What you return should be the full listing, copied exactly and stripped of its pictures.

- Data excerpt:
········
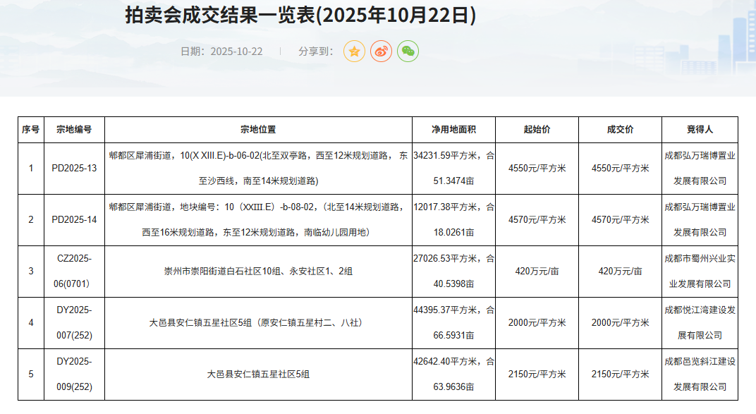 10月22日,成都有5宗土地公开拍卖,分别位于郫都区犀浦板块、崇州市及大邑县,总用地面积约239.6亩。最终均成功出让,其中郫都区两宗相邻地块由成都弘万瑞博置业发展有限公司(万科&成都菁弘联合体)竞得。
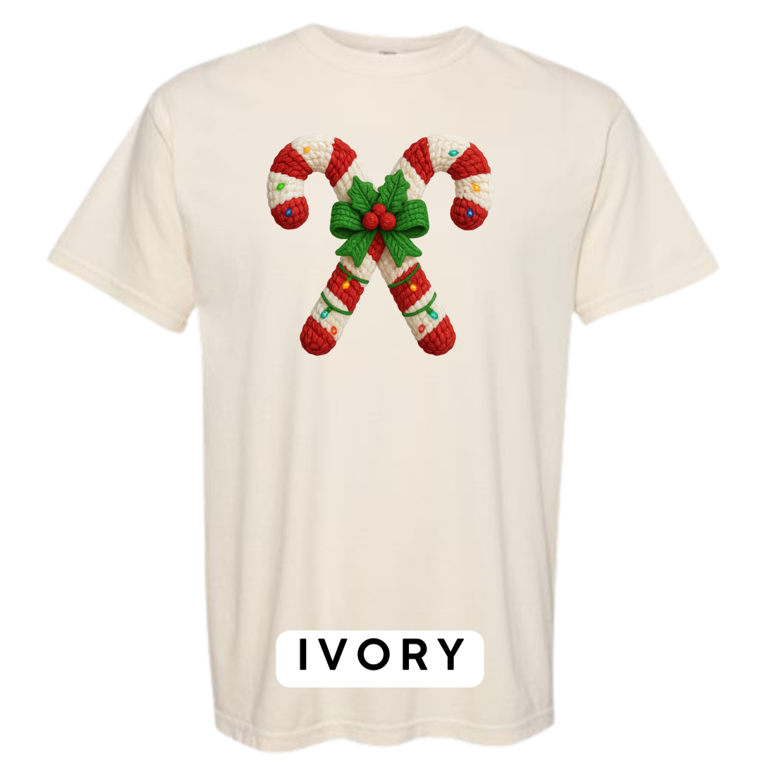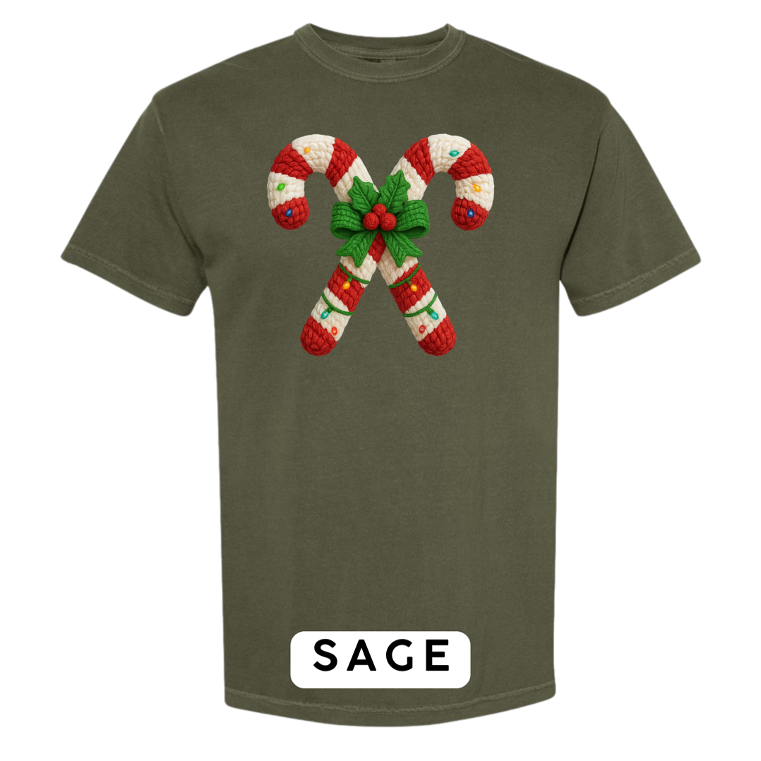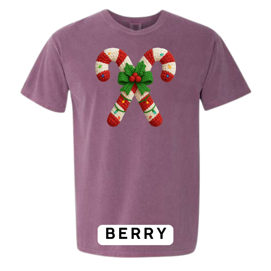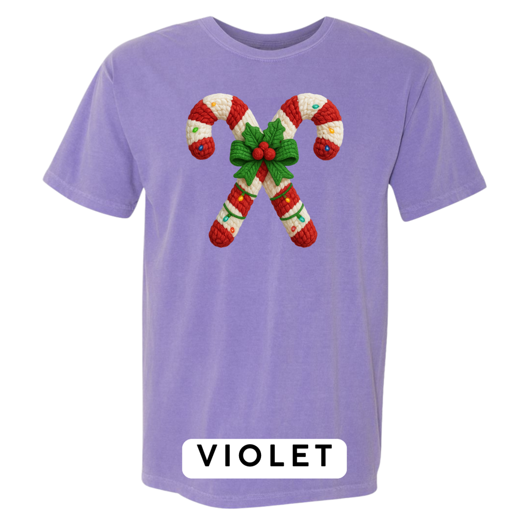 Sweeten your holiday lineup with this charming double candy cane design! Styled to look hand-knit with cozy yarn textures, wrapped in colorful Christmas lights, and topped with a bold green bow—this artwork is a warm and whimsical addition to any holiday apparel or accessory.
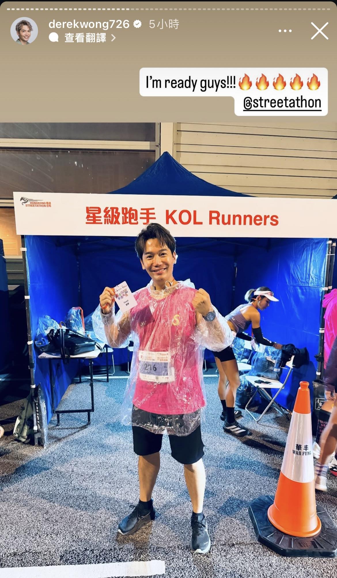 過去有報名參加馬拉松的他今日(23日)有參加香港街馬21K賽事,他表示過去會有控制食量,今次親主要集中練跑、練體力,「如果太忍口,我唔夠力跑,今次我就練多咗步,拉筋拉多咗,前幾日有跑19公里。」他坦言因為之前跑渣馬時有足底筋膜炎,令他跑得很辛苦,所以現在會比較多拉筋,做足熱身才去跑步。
········
- Completed task:
 10月22日,成都有5宗土地公开拍卖,分别位于郫都区犀浦板块、崇州市及大邑县,总用地面积约239.6亩。最终均成功出让,其中郫都区两宗相邻地块由成都弘万瑞博置业发展有限公司(万科&成都菁弘联合体)竞得。
 Sweeten your holiday lineup with this charming double candy cane design! Styled to look hand-knit with cozy yarn textures, wrapped in colorful Christmas lights, and topped with a bold green bow—this artwork is a warm and whimsical addition to any holiday apparel or accessory.
 過去有報名參加馬拉松的他今日(23日)有參加香港街馬21K賽事,他表示過去會有控制食量,今次親主要集中練跑、練體力,「如果太忍口,我唔夠力跑,今次我就練多咗步,拉筋拉多咗,前幾日有跑19公里。」他坦言因為之前跑渣馬時有足底筋膜炎,令他跑得很辛苦,所以現在會比較多拉筋,做足熱身才去跑步。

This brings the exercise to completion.